I have absolutely no valid claim to joining the
bandwagon, not being a “proper” blog with regular entries, readership etc, but thought it’d be an incentive to update more and see how it goes. Thanks a lot to Darren at Living Room for creating the space for non-real-bloggers to have a go!
Apart from the obvious images conjured by the decade that fashion forgot (big hair, big shoulder pads, big earrings, big brick mobiles…), the ’80s was a time of transition for me, the ramifications of which are still rippling outwards in my 20something year old pond.
From effectively selfish only child (my older brothers were away at school) to having to learn to share my parents with my younger brother; from toddler at nursery to child at junior school, from a safe, closed home environment to the wider world, from only coming into contact with kids of my parents’ choosing (my parents’ friends’, I suppose), to meeting and having to interact with the huge diversity of South London’s ethnic mix. I had to confront the existence of, and adapt to, something far beyond the parameters my world.

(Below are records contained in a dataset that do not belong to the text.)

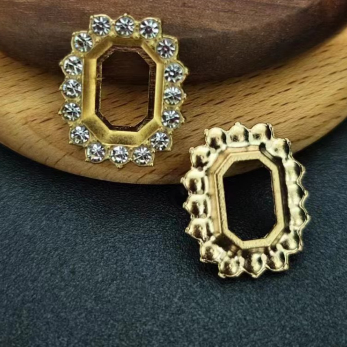 23*18MM长方形水钻配件金色花盘水钻饰品配饰花盘钻扣DIY配件材料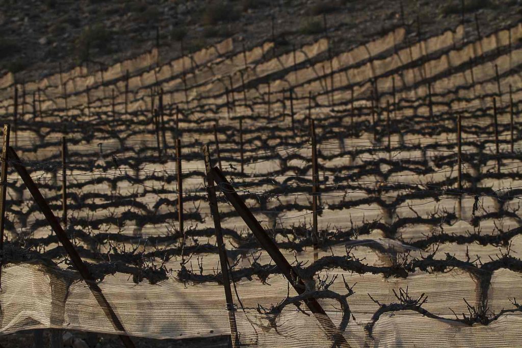 I viticoltori del deserto spesso utilizzano gli antichi terrazzamenti per piantare le viti, ma anche alberi da frutto, sfruttando la porosità della roccia e del terreno locali in grado di immagazzinare e rilasciare poi gradualmente l’umidità accumulata ad esempio durante la notte. L’acqua, incamerata nel sottosuolo durante le alluvioni lampo, resta a disposizione delle piante nei mesi più secchi, garantendo loro la sopravvivenza e un carattere molto deciso ai vini locali, che ad ogni sorso ci raccontano della capacità dell’uomo e della vite di adattarsi e resistere anche nelle condizioni più difficili.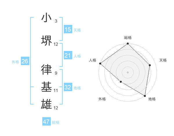 小堺 律基雄さんの総格は47画の5点!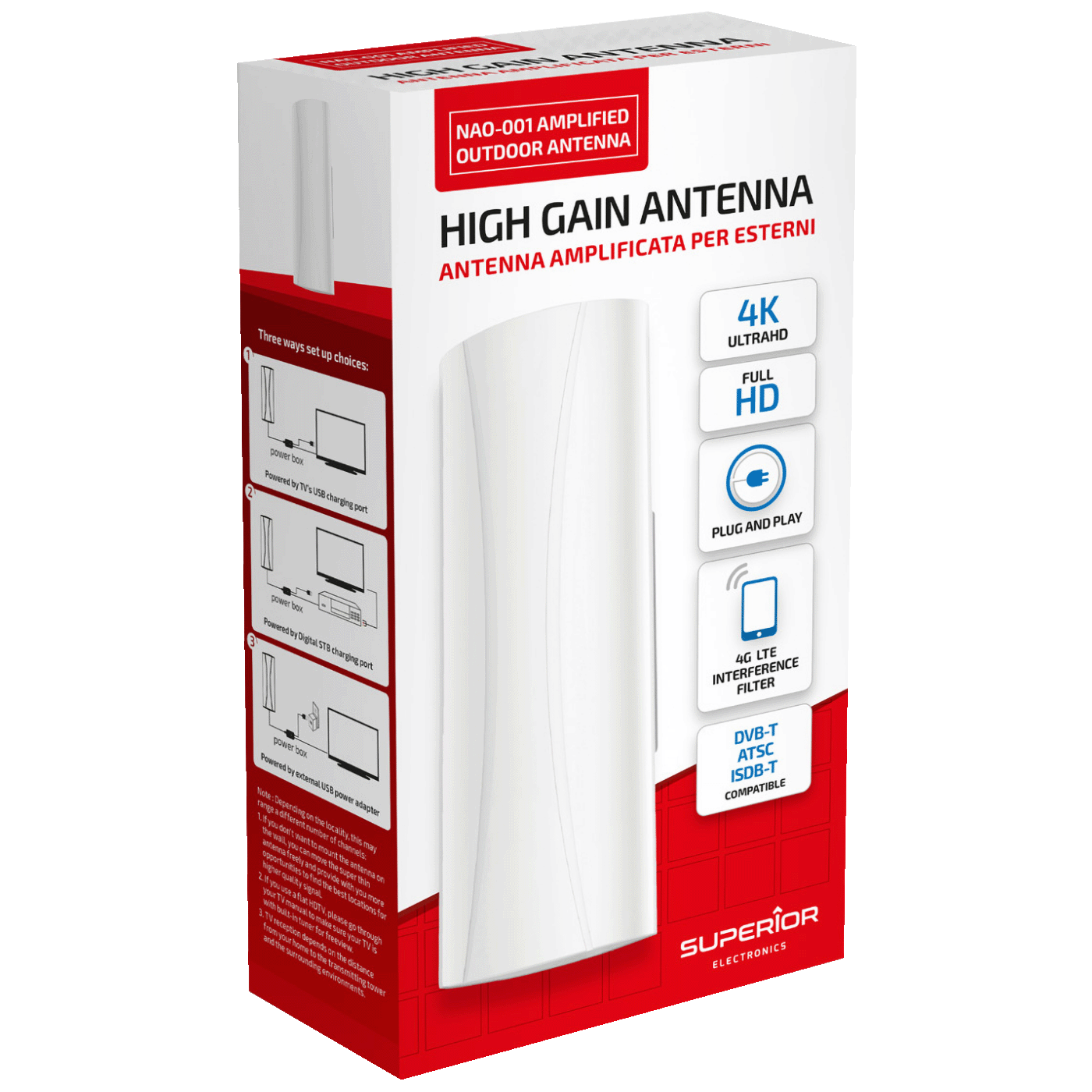 Superior Antena sa pojačalom, HD/Full HD/Ultra HD DVB-T2, outdoor - NAO001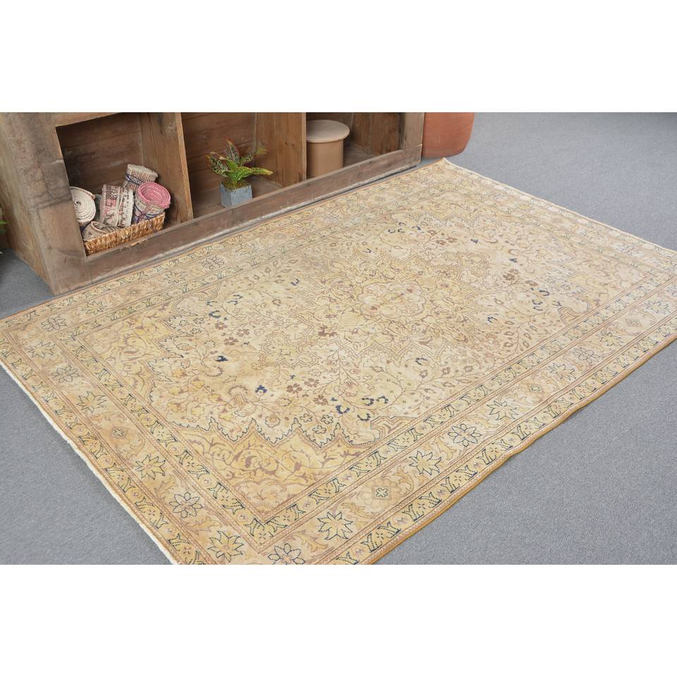 Vintage Turkish Rug Classic Beige 4.9x7.2ft Patchwork Design Wool Viscose Material Latex Backing Eco Friendly Medium Pile Dining

Having Asperger’s Syndrome means (among plenty of other things) increased difficulty adapting to change – whether of a even a simple domestic routine, or a more obvious paradigm shift such as a person looming large in – or leaving – life, and certainly a change of school. I was at sea. I had a choice. I could have sunk without a trace. I struggled, and learned instead to swim.
Having an August birthday means I’ve always been young for the year, but was reassured by the fact that we were all, at least, “jubilee babies” (give or take a year). Now, of course, having come to uni by a far more circuituous route than the norm, most of my friends and contemporaries here were born during the Eighties, which is a stark reality I usually conveniently forget.
Though of course everything’s relative, and we were all undergrads together so actual chronological age is irrelevant, it makes you (well, me really) think rather uncomfortably much about mortality, and time, and the fact that in just over three years I’ll hit 30. Really it comes down to another choice. I could hit as in a car crash – destructive head on collision where one of us comes off a heck of a lot worse and is effectively written off; or hit it more positively as a launching point, and improvise, adapt and overcome whatever the next decade chooses to throw at me.